* What is expected
The part below that opens with the line containing "在海南的灰塑作品中,留白的運" and closes with the line containing "采購進(jìn)貨、退貨,分" should be copied exactly, minus any pictures.
===== Data excerpts
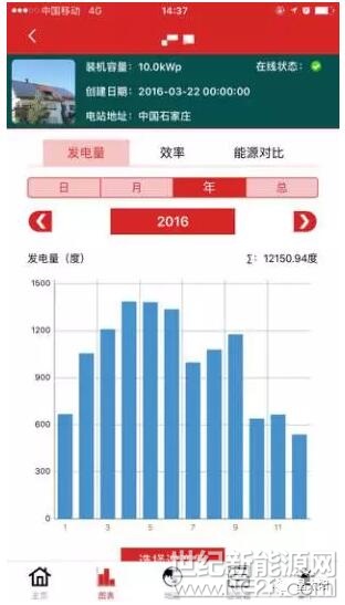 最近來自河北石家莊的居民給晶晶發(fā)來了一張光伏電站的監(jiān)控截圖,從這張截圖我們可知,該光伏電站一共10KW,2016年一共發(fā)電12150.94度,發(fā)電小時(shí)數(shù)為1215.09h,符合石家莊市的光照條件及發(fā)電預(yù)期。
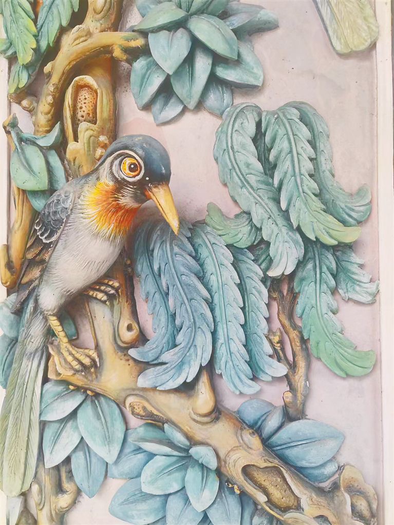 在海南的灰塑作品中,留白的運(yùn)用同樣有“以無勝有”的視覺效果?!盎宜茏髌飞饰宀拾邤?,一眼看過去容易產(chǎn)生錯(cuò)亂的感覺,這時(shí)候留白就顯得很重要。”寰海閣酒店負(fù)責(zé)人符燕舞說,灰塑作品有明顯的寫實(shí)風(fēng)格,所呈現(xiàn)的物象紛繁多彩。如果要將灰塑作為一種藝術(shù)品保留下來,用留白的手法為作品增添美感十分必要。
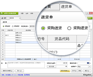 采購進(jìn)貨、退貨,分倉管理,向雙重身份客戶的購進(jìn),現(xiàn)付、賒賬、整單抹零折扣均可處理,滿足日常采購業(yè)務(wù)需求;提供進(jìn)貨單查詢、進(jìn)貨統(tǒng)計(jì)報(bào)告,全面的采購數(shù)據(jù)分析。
==========
===== Data excerpts
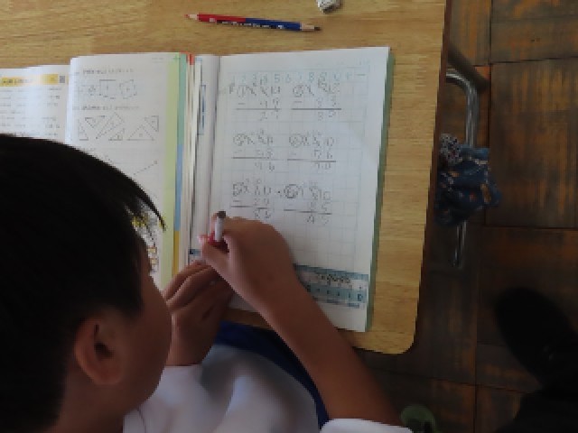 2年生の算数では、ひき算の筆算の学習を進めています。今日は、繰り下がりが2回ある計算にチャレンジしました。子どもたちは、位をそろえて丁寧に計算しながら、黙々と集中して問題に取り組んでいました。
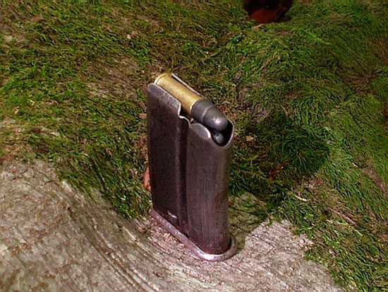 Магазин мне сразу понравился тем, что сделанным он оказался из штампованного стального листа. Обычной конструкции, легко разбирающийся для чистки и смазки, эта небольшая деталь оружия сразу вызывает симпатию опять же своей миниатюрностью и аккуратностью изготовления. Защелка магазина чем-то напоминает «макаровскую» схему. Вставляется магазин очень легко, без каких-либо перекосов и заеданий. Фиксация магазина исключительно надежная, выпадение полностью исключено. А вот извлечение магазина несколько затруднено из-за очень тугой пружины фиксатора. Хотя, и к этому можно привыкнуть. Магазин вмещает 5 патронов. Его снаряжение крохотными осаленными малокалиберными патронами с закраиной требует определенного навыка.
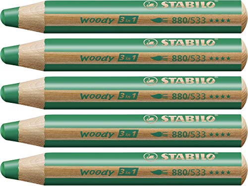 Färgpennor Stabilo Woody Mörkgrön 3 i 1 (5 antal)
==========
* Answer for the task
 在海南的灰塑作品中,留白的運(yùn)用同樣有“以無勝有”的視覺效果?!盎宜茏髌飞饰宀拾邤?,一眼看過去容易產(chǎn)生錯(cuò)亂的感覺,這時(shí)候留白就顯得很重要。”寰海閣酒店負(fù)責(zé)人符燕舞說,灰塑作品有明顯的寫實(shí)風(fēng)格,所呈現(xiàn)的物象紛繁多彩。如果要將灰塑作為一種藝術(shù)品保留下來,用留白的手法為作品增添美感十分必要。
 采購進(jìn)貨、退貨,分倉管理,向雙重身份客戶的購進(jìn),現(xiàn)付、賒賬、整單抹零折扣均可處理,滿足日常采購業(yè)務(wù)需求;提供進(jìn)貨單查詢、進(jìn)貨統(tǒng)計(jì)報(bào)告,全面的采購數(shù)據(jù)分析。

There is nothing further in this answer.